The Cash Nexus
Money and Politics in Modern History, 1700-2000
Penguin
Paperback
: 04 Apr 2002
£14.99
£11.99
Synopsis
Money: the root of all evil, or the stuff that makes the world go round?
Modern history shows that a nation’s success largely depends on the way it manages its money. In times of war, finance has been just as crucial to victory as firepower. But where do money and politics meet? Starting in 1700 and ending at the present day, Niall Ferguson offers a bold and dazzling analysis of the evolution of today’s economic and political landscape. Far from being driven by the profit motive alone, our recent history, as Ferguson makes brilliantly clear, has also been made by potent and often conflicting human impulses – sex, violence and the desire for power.
Interview
In an exclusive interview Niall Ferguson talks about the lessons of the past, the U.S. elections, greed, Harry Potter and the joys of reading.
Economics is generally conceived as a difficult, dry subject. In The Pity of War, you were writing about something that is very much tied up with human emotions and passions - nationalism and victory - was it a challenge to write about a subject that so many people feel distanced from?
Carlyle called it 'the dismal science', and he gave me the title 'The Cash Nexus' so he must have had the right idea, I think. Yes, economics has become a very dismal, and impenetrable, science - or pseudo-science. What I was trying to do was to talk about financial issues without being an economist, and making a virtue of the fact that I'm not. You're right - war is about passion. But greed is a passion, and for some people money is a passion, although most aren't pure capitalists. Most people don't want to think about taxation, interest rates and their pensions. There's a resistance to these things, and I think economics has made it worse by turning it into mathematics.
It seems to me that we can't leave out this dominant part of modern life and say that it's boring, because to me it is inseparable from understanding how the World Wars happened, why one side won, not the other - and equally, if you're interested in politics, you can write a million biographies of a million Prime Ministers and not understand a thing if you don't understand how party political finance works. That seems much more important to me than charismatic leadership. You don't think Bush won that election just because he's a charismatic leader? He won that election in part because he managed to raise a hell of a lot more money than Gore in that campaign. The Cash Nexus makes these dismal subjects undismal by showing that in fact they connect with the real world - that in fact war is why financial systems evolve, and the reason we pay the income tax that we do lies in history; it's not some theoretical phenomenon.
So is that how this book was born, as a logical progression from your two previous books, The World's Banker, which was about the Rothschilds, and The Pity of War?
Definitely. The effect of writing those two books - and of course The Pity of War was a lot about economics as well as about war - was that I suddenly realised that there was a general argument coming out of both of those books about the nature of power, and I wasn't really going to be happy with this section of my work if I didn't finish it off. The theoretical hunch was that power is something that can be nailed down, and that its root is in economics.
Is it gratifying when events in the news prove your theories, for example the fuel crisis and the Bush/Gore election result?

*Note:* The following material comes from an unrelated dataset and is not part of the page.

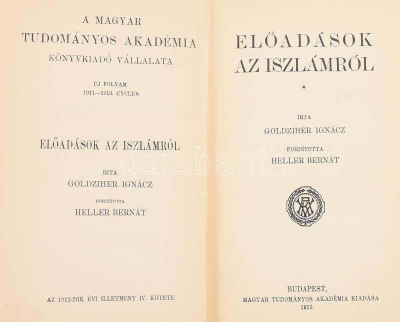 Goldziher Ignác: Előadások az iszlámról. Ford.: Heller Bernát. Bp., 19... https://www.darabanth.com/en/502-Online-auction/502.0/Books/Books-Religion~2500015/Goldziher-Ignac-Eloadasok-az-iszlamrol-Ford-Heller-Bernat-Bp-1912-MTA-Hornyanszky-ny-~II3414583

Yes, it is. I felt utter glee when Bush won the election, for no other reason than that it meant that what I had always felt about the relationship between economics and politics was right. Political commentators so often see economic prosperity as guaranteeing re-election, but if that was the case then Labour would have been elected in 1992, and the Conservatives in 1997, when of course the opposite happened. The Bush/Gore election was a close-run thing, but I had a strong hunch that Bush would win.
So if Bush won the election partly because he was able to raise more money, where does the power lie? In having cash put to one side for if and when you need it, or being able to spend it as and when you like?
One thing I wasn't taught properly in my financial education as a child, which focused always on saving money, is that the real importance - the key - is being able to borrow money, it's not actually about saving. In many ways, saving has been a completely disastrous strategy, because anyone who saved money from about 1914 was shattered by inflation. The real key to power is being able to borrow. Whether you're talking about great powers engaging in the big wars that shaped modern history, or whether you're talking about political parties. In effect, the political parties are borrowing money when they're getting donations.
Surely that's the best kind of borrowing, the type you don't have to pay back?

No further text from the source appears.